Matching for preprocessing data for causal inference

Chris Blattman writes:

Matching is not an identification strategy a solution to your endogeneity problem; it is a weighting scheme. Saying matching will reduce endogeneity bias is like saying that the best way to get thin is to weigh yourself in kilos. The statement makes no sense. It confuses technique with substance. . . . When you run a regression, you control for the X you can observe. When you match, you are simply matching based on those same X. . . .

I see what Chris is getting at–matching, like regression, won’t help for the variables you’re not controlling for–but I disagree with his characterization of matching as a weighting scheme. I see matching as a way to restrict your analysis to comparable cases. The statistical motivation: robustness. If you had a good enough model, you wouldn’t neet to match, you’d just fit the model to the data. But in common practice we often use simple regression models and so it can be helpful to do some matching first before regression. It’s not so difficult to match on dozens of variables, but it’s not so easy to include dozens of variables in your least squares regression. So in practice it’s not always the case that “you are simply matching based on those same X. To put it another way: yes, you’ll often need to worry about potential X variables that you don’t have–but that shouldn’t stop you from controlling for everything that you do have, and matching can be a helpful tool in that effort.
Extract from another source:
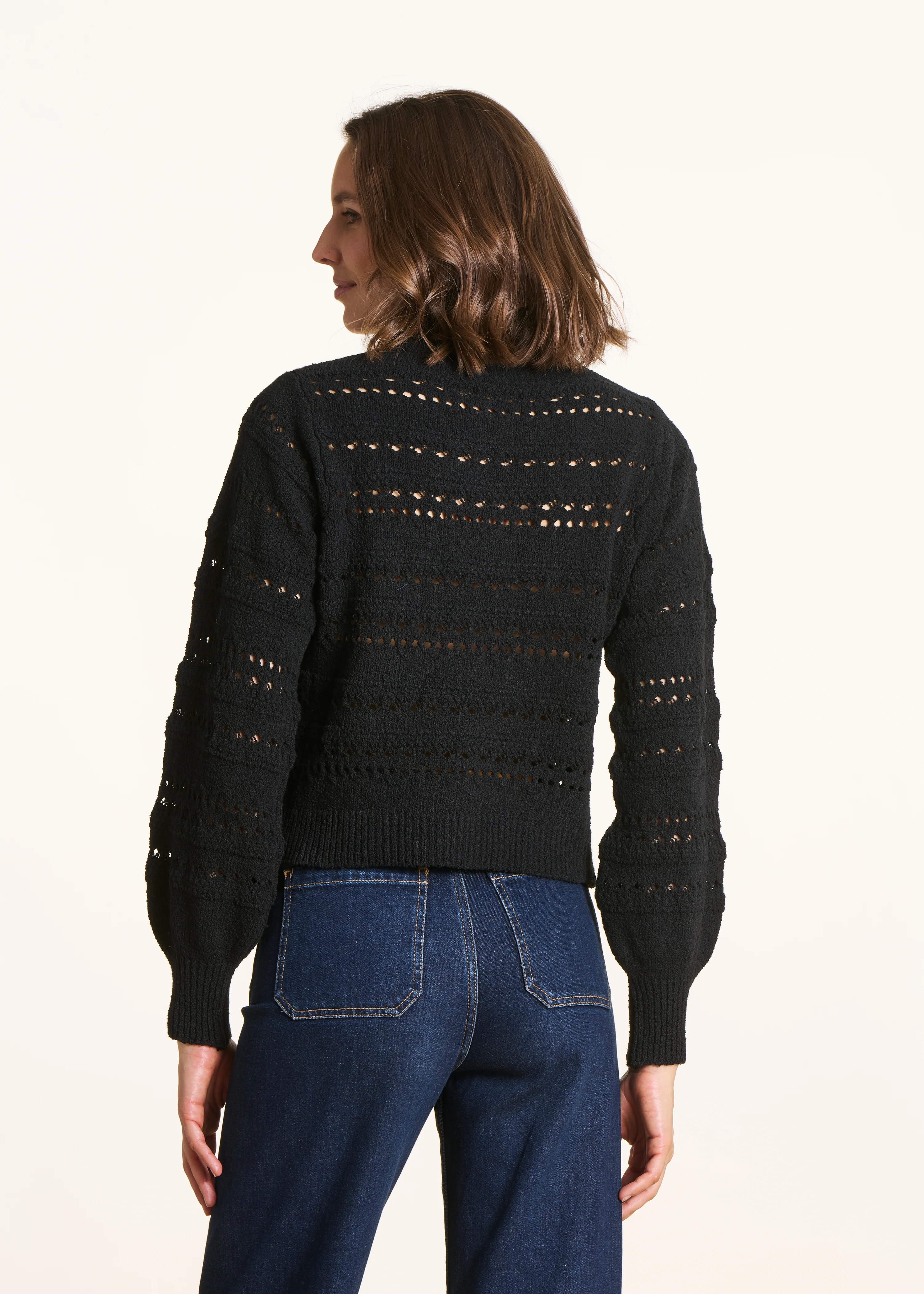 -70%Gilet noir en maille ajourée boutons fantaisie—

Beyond this, I think it’s useful to distinguish between two different problems: imbalance and lack of complete overlap. See chapter 10 of ARM for further discussion. Also some discussion here.
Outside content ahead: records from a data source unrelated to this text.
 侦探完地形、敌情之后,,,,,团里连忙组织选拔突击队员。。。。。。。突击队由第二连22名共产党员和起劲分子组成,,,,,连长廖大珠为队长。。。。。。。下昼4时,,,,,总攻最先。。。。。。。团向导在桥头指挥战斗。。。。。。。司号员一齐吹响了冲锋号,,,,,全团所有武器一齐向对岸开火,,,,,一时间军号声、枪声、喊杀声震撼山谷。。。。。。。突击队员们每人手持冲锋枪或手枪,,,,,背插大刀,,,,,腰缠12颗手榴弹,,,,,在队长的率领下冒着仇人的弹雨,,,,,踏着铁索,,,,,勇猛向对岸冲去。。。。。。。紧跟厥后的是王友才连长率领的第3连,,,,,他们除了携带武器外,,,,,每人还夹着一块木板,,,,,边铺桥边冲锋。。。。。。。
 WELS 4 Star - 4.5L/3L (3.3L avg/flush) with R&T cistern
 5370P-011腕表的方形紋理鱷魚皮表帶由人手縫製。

6 thoughts on “Matching for preprocessing data for causal inference

  1. Chris' commenters make similar points, espec. with respect to comparable cases and robustness.

    I wonder if you could say a little more about this, though:

    It's not so difficult to match on dozens of variables, but it's not so easy to include dozens of variables in your least squares regression.

    is this essentially the "garbage can" critique or what else are you referring to when you say that many variables in LS regressions is "not so easy"?

  2. I think the two views are compatible if you allow weights to be zero. But I also think of matching as a way to create valid comparison groups – and that's why I prefer it to methods that keep all the data.

  3. The flip side to this is to do something like surrogate variable analysis for variance that makes no sense whatsoever, and adjust for the surrogate variable; this is a common strategy in bioinformatics. I personally disagree with it since you're just as likely to blow away interesting variation as you are to mop up technical artifacts, and I've always argued that the answer was better sampling and experimental design (blocking).

    John Leek has a page with an explanation and implementation of SVA at http://www.biostat.jhsph.edu/~jleek/sva/ for comparison.

  4. "It's not so difficult to match on dozens of variables, but it's not so easy to include dozens of variables in your least squares regression."

    Why is this true, given that matching on dozens of variables typically involves estimating propensity scores from some kind of regression model? Doesn't that raise exactly the same problems (unless, for some reason, we have really good reason to believe a simple model is appropriate for selection but not the outcome)?

  5. The model used to match (whether it's a logit regression or a nonparametric algorithm) is not important: it's not meant to duplicate the selection process. All that matters is that you can use it to get good balance between the treatment and control groups. (This also means that you can data mine all you want–try as many models as you can until you get the "best" balance!) Rubin makes this point repeatedly in his work.

  6. There's a sense in which matching and regression have been shown to estimate different weighted average treatment effects, although this is kind of orthogonal to Blattman's bigger issue. The result was derived by Angrist (1998, Econometrica) and is discussed in Angrist & Pischke's book Mostly Harmless Econometrics (pp. 75-77).

    When Y is regressed on T and a full set of dummies for the possible values of X, OLS estimates a weighted average of covariate-specific treatment effects. The cells are weighted not just by overall sample size, but by the balance between treatment and control group sample sizes. E.g., suppose the X=1 cell has 100 people with 50 treated and 50 controls, and the X=2 cell has 100 people with 90 treated and 10 controls. Then OLS puts more weight on the treatment effect for X=1. One way to see this is that OLS is designed to minimize variance when the model's true, and this particular regression model assumes homogeneous treatment effects.

    In contrast, the estimator that Angrist calls "matching" (which, when X is discrete, could also be implemented by subclassification and weighting, or by OLS with an expanded model that includes interactions between T and the X dummies) is designed to estimate the average effect of treatment on the treated, so in this example, it puts more weight on the treatment effect for X=2.

    Some people use this result to defend regression, but another take is that when treatment effects are heterogeneous, matching makes the estimand transparent, whereas it's too easy to use regression without being aware of its implicit weighting. A third take is that if we use regression, we should try to use flexible functional forms and interact treatment with the covariates.